Cell phagocytic activity was measured based on the uptake of latex beads coated with fluorophore-labeled rabbit IgG, according to manufacturer instructions (Cayman, Ann Arbor, MI). In brief, cells were plated in a 24-well dishes and grown until reaching 80% confluency; at that point, the medium was removed, and cells were then exposed to 50 µg AgNP/ml for 24 h. After this, the cells were washed and treated with latex bead-containing fresh culture media that delivered particles at a ratio of 100:1 cell. The cells were incubated at 37 °C for 4 h, then gently washed with PBS before being collected by centrifugation and resuspension in PBS. Cells were gated to exclude any debris or dead cells; 10,000 events/sample were measured for total fluorescence using the BD Accuri™ C6 a flow cytometer.

Neutrophil degranulation

Neutrophil degranulation, based on the release of elastase into culture supernatants, was assessed using another DuoSet ELISA Development System (R&D Systems, Inc., Minneapolis, MN). In brief, cells were plated in 24-well dishes and grown until reaching 80% confluency; at that point, the medium was removed and the cells were then exposed to 50 µg AgNP/ml medium for 24 h. After this period, the cells were washed with fresh media and the media containing 1 µg/ml phorbol myristate acetate (PMA, Cayman) or medium only (for basal activity measurements) was then added to the cells. After 1 h, culture well supernatants were collected and neutrophil elastase was then quantified in the same manner as described in the section “Quantification of cytokine release by ELISA”.

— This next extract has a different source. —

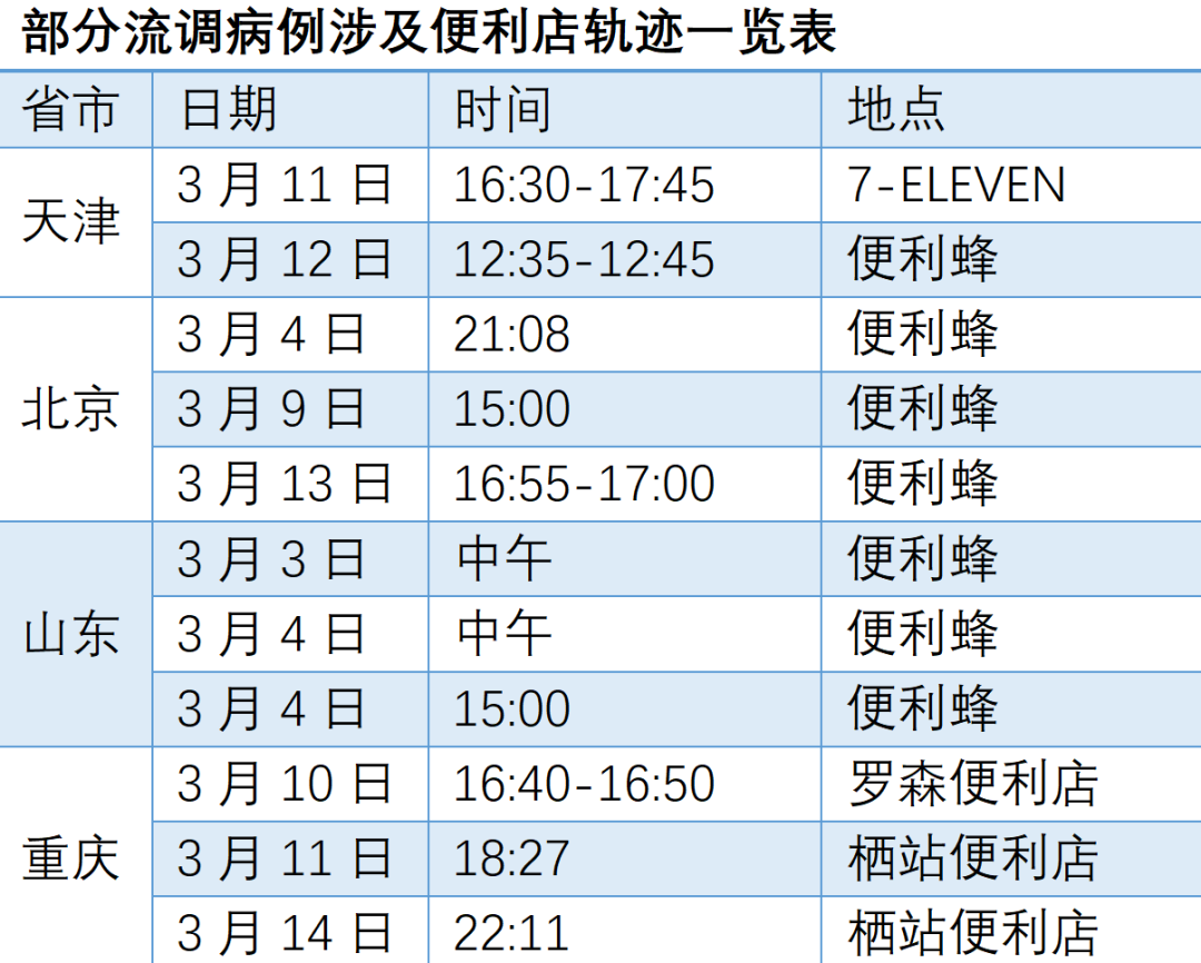 顺藤摸瓜,小编以便利店为关键词对流调信息展开了一番蹲点和搜索后发现,这种现象不只在北京出现,多个省市的确诊病例都曾有过去便利店购物的轨迹,他们出入便利店的时间不定,有一个病例甚至是连续几天都打卡了便利蜂。

Neutrophil oxidative burst

Neutrophil respiratory burst was assessed based on oxidation of the fluorescent dihydrorhodamine 123 probe (DHR 123; Cayman) as previously described (Sarantis and Gray-Owen 2012). In brief, MPRO 2.1 cells were plated in 24-well dishes and grown until reaching 80% confluency; at that point, the medium was removed and the cells were then exposed to 50 µg AgNP/ml for 24 h. Later the cells were then washed with calcium (Ca²⁺)-free Hanks balanced salt solution (HBSS) and re-suspended in DHR 123 (10 μM)-containing HBSS (with Ca²⁺) for 15 min at 37 °C, protected from any light. The cells were then treated with 1 μg PMA/ml (or medium for basal activity measures) for 15 min at 37 °C, again protected from any light. Cells were then collected, centrifuged/washed, and then the total fluorescence was measured in the BD Accuri™ C6 flow cytometer. Cells were gated to remove any debris or dead cells; 10, 000 events were counted.

Statistical analysis

Data are presented as mean ± standard error of mean (SEM). A one-way or two-way analysis of variance (ANOVA) with Bonferroni post-hoc testing was utilized to test for significant differences between multiple treatment groups. A Student’s t-test was used where applicable to test for significant differences between two treatment groups. A p value <0.05 was considered statistically significant. Prism 5 software (GraphPad Inc., San Diego, CA) was used for all data analysis and generation of graphs. When values are presented as “relative to control”, this indicates these values were calculated relative to the “mean value of control biological replicates”.

Results

Cell viability following exposure to silver nanoparticles (AgNP)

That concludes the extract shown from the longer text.